A node is an instance of Elasticsearch.

After you start Elasticsearch on the server, you have a node. This is another node if Elasticsearch is started on another server. You can even have multiple nodes on the same server by starting multiple Elasticsearch processes.

Cluster

A collection of multiple Elasticsearch nodes working together is called a cluster.

On a multi-node cluster, the same data can be propagated across multiple servers. This helps performance. This also helps stability, if each shard has at least one replica shard, then Elasticsearch can still serve and return all data if any node goes down.

But it has its drawbacks: you have to make sure that the nodes can communicate quickly enough and that there is no split brain effect (two parts of the cluster can’t communicate with each other and each thinks the other is down).

Shard

Indexes may store large amounts of data that may exceed the hardware limits of a single node. For example, a single index of a billion documents that takes up 1TB of disk space might not fit on a single node’s disk, or might be too slow to independently satisfy search requests from a single node.

To solve this problem, Elasticsearch provides the ability to subdivide an index into multiple shards. When creating an index, you only need to define the number of shards you need. Each shard is itself a fully functional and independent “index” that can be hosted on any node in the cluster.
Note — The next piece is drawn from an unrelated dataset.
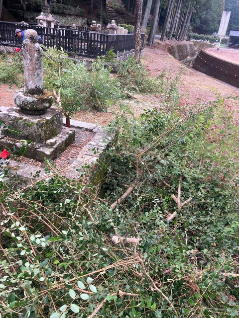 まず周りの木を伐採します。中が見えないくらいの茂みでした。

Sharding is important for two main reasons:

  • It allows you to split/scale the internal volume horizontally
  • It allows you to distribute and parallelize operations across shards (possibly on multiple nodes), thereby improving performance/throughput

The mechanism for how shards are distributed and their documents aggregated back into the search request is completely managed by Elasticsearch and is transparent to you as the user.

This is useful in a network/cloud environment where failure can occur at any time, and it is highly recommended that you use a failover mechanism in case fragments/nodes are taken offline or disappear for some reason. To do this, Elasticsearch allows you to make one or more copies of an index shard into a so-called replica shard (copy for short).

Replica

Sharding allows users to push data to the Elasticsearch cluster that exceeds the capacity of a single machine. Copy solves the problem that a single machine cannot handle all requests when the access pressure is too high.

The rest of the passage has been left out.